How We Built fastCRW: Rust, 50MB RAM, and the Path to Real-Time Web Scraping for AI Agents (2026)

The problem we kept hitting

This is a build-in-public write-up of fastCRW — what we set out to fix, the choices that worked, the choices we had to revisit, and the parts that are still in flight. If you are evaluating a self-hosted scraping engine for AI agents, this is the document we wish had existed when we started.

The recurring problem, in one sentence: AI agents need scrape + search + crawl as a real-time primitive, but the production-grade options force you to choose between a heavyweight Python stack with a Node-shaped resident footprint, or a Python framework that requires a full headless browser per worker.

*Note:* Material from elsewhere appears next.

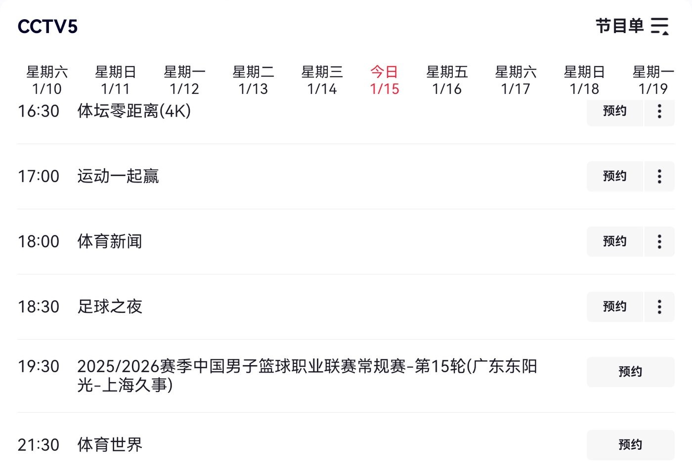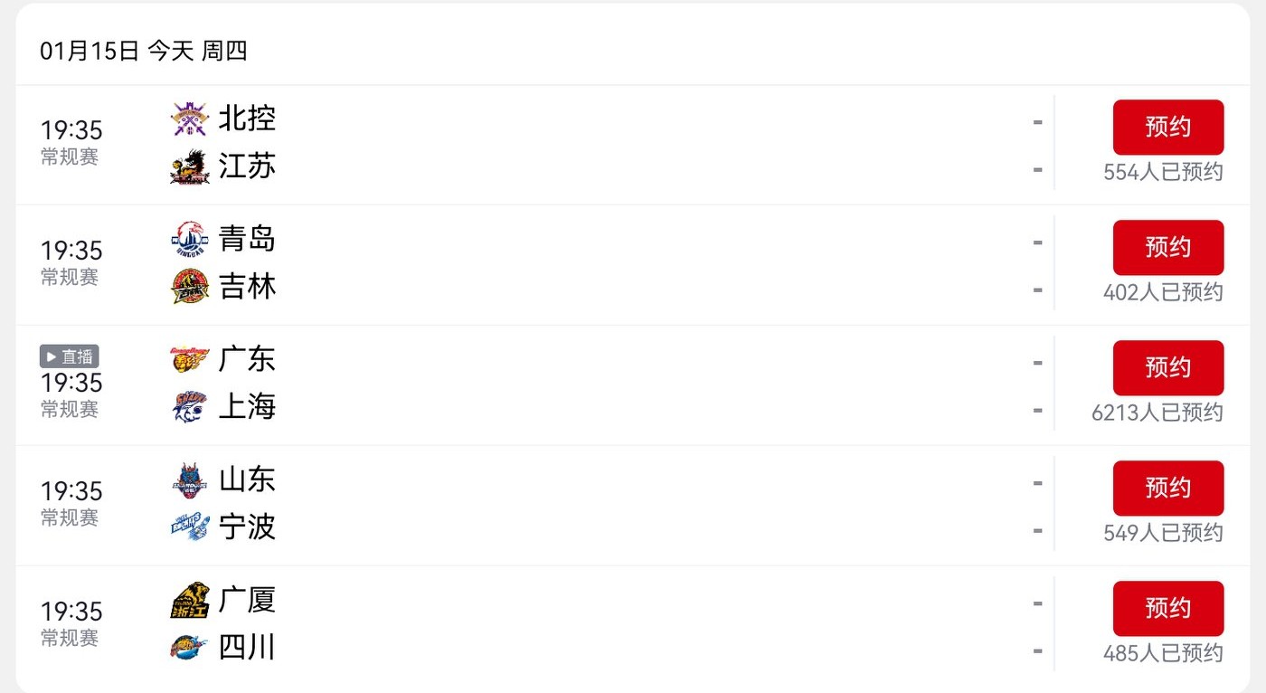 CBA schedule for today (2026.1.15): Guangdong Dongyangguang versus Shanghai Jiushi, live on CCTV-5.

• Firecrawl's open-source stack is multi-container — Node API, Python workers, Redis, Playwright. Structural footprint of the full stack is ~2-3 GB total across 5 containers (source: the README §"Structural footprint", labeled as a structural fact, not a benchmark claim). Lovely engineering, but it does not fit a small VPS or a developer's laptop running three other services.
• Crawl4AI is excellent inside a Python notebook, but it requires Playwright + Chromium on every install. That is a ~2 GB Docker image and 300 MB+ idle RAM. Great for research, hard to deploy as a sidecar for an agent.
• Browser-automation libraries (Playwright, Puppeteer, Selenium) are general-purpose scrapers. They are not designed around an LLM consumer, do not output clean markdown, do not speak MCP, and carry a Chromium baseline (~200-300 MB per worker).

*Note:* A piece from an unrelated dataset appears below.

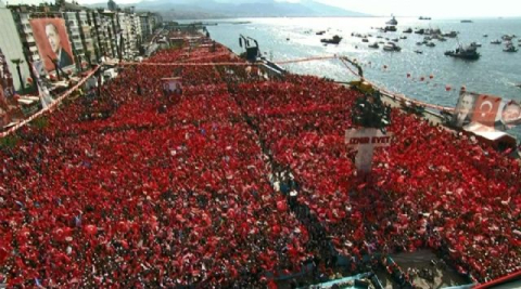 CUMHURBAŞKANI ERDOĞAN Saha sonra kürsüye büyük bir coşku eşliğinde Cumhurbaşkanı Erdoğan geldi. Tarihi kalabalığa teşekkür eden Erdoğan, "İzmir, kendisini çantada keklik görenlere rekor bir evetle cevap vermeye hazır mı.? Bugün bir başka kararlılık görüyorum. 16 Nisan tarihi bir dönüm noktası olacak" dedi.
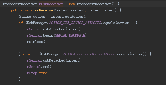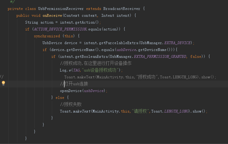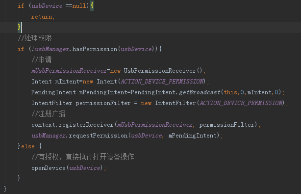 三:USB设备需要用户授权,才能正常使用,处理权限问题。同样使用到了usbManager对象。这里使用到了广播监听用户的授权情况,下面上图。

What we actually needed for AI agent traffic was different in shape. An agent makes many small scrape calls, sometimes 50-200 in a single tool-use chain. It wants clean markdown, not raw HTML. It wants predictable latency. It wants to call the engine from inside a $5 VPS, a CI job, or a developer's laptop. And it wants the same API surface across all three.

So we wrote one.

Why Rust

The first real decision was the language. We considered Go (the Colly stack is mature; static binaries are nice), and we considered staying in Python (the ecosystem is unbeatable, but the resident footprint is not). We picked Rust for four concrete reasons.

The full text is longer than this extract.